Add text annotations

The plot obtained so far looks quite nice, but it's not done. It still lacks something that indicates how to read the story this chart is trying to tell.

This final step consists of adding text annotations which will be very helpful to transmit the story behind this chart. This text is going to be located within the inner circle. Curious about how it works? Let's do it!

# If you have a look at the beginning of this post, you'll see the inner circle is not white.
# This fill creates the effect of a very light grey background.
ax.fill(HANGLES, np.repeat(PLUS, 200), GREY97)

# Note the 'transform=ax.transAxes'
# It allows us to pass 'x' and 'y' in terms of the (0, 1) coordinates of the axis
# instead of having to use the coordinates of the data.
# (0.5, 0.5) represents the middle of the axis in this transformed coordinate system
ax.text(
    x=0.5, y=0.58, s="********\nCracking\nYour Favorite\nPassword\n********",
    color=GREY60, va="center", ha="center", ma="center", fontfamily="Roboto Mono",
    fontsize=18, fontweight="bold", linespacing=0.87, transform=ax.transAxes
)

ax.text(
    x=0.5, y=0.46, s="Time it takes to crack the 500 most\ncommon passwords by online guessing.\nSorted by rank and colored by category.",
    color=GREY60, va="center", ha="center",  ma="center", fontfamily="Roboto Mono",
    fontsize=7, linespacing=0.87, transform=ax.transAxes
)

ax.text(
    x=0.5, y=0.39, s="Time is displayed on a logarithmic scale\nwith the rings representing one day,\none week, one month, and one year\n(from inner to outer ring).",
    color=GREY60, va="center", ha="center",  ma="center", fontfamily="Roboto Mono",
    fontsize=7, linespacing=0.87, transform=ax.transAxes
)

fig

Multi panel plot

The original plot we're trying to replicate consists of several panels, and all the work above only replicates the bigger panel on top. The good news is that all the work done is going to be reused in this section where we attempt to replicate the panels in the bottom part of the plot.

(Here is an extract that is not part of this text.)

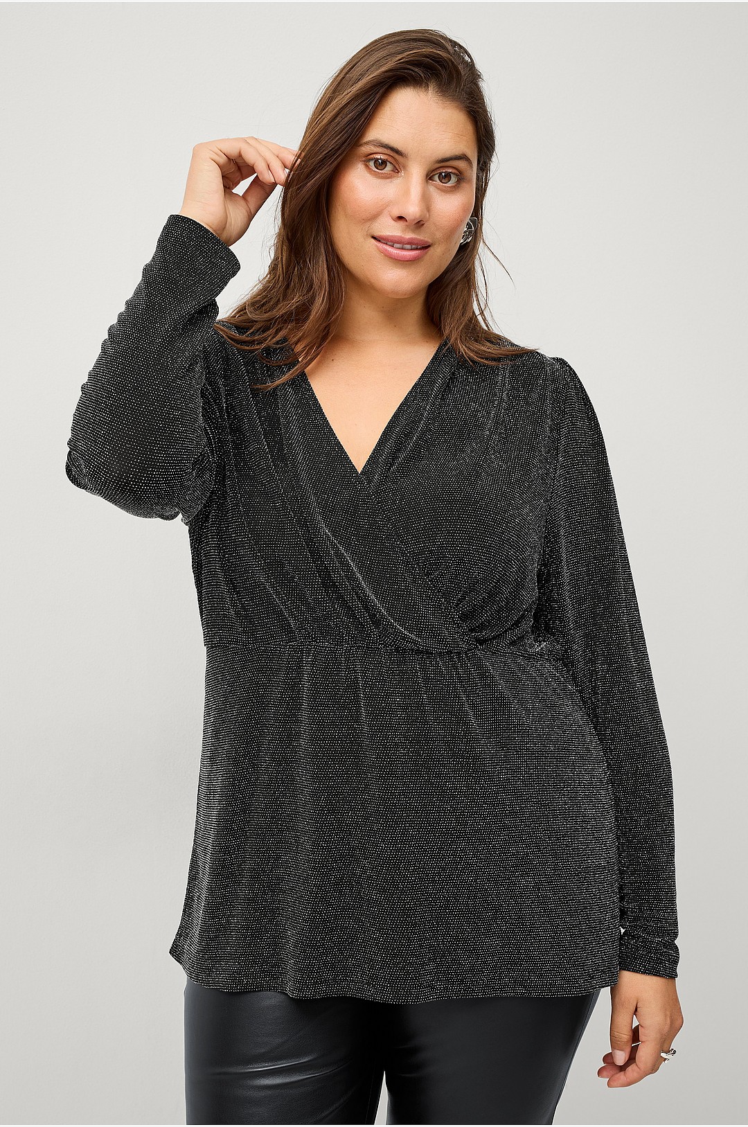 Exte, Toppar , Dam, M, Polyester, Elegant Svart Omlott Topp Blus

Let's start by defining a function that encapsulates all the steps performed above. Changes respect to the original code are explained with comments.

def circular_plot(angles, heights, colors, lw, ax):
    ax.set_facecolor("white")
    
    ax.set_rscale("symlog")
    ax.set_theta_offset(np.pi / 2)
    ax.set_theta_direction(-1)
    
    ax.spines["start"].set_color("none")
    ax.spines["polar"].set_color("none")
    
    ax.grid(False)
    ax.set_xticks([])
    ax.set_yticklabels([])
    
    # The 'lw' argument controls the width of the lines. 
    # This is going to be different for the top and lower panels.
    ax.vlines(angles, 0 + PLUS, heights + PLUS, color=colors, lw=lw)
    ax.scatter(angles, heights + PLUS, s=scale_to_interval(heights), color=colors)
    
    HANGLES = np.linspace(0, 2 * np.pi, 200)
    ax.plot(HANGLES, np.repeat(1 * 24 * 60 + PLUS, 200), color= GREY88, lw=0.7)
    ax.plot(HANGLES, np.repeat(7 * 24 * 60 + PLUS, 200), color= GREY85, lw=0.7)
    ax.plot(HANGLES, np.repeat(30 * 24 * 60 + PLUS, 200), color= GREY82, lw=0.7)
    ax.plot(HANGLES, np.repeat(365 * 24 * 60 + PLUS, 200), color= GREY79, lw=0.7)
    
    ax.fill(HANGLES, np.repeat(PLUS, 200), GREY97)
    
    # Change upper limit of the radial axis so larger dots fit within the plot area
    ax.set_rmax(ax.get_rmax() * 2)

There's also this little helper function which add line breaks to some existing category names so they fit within the inner circle.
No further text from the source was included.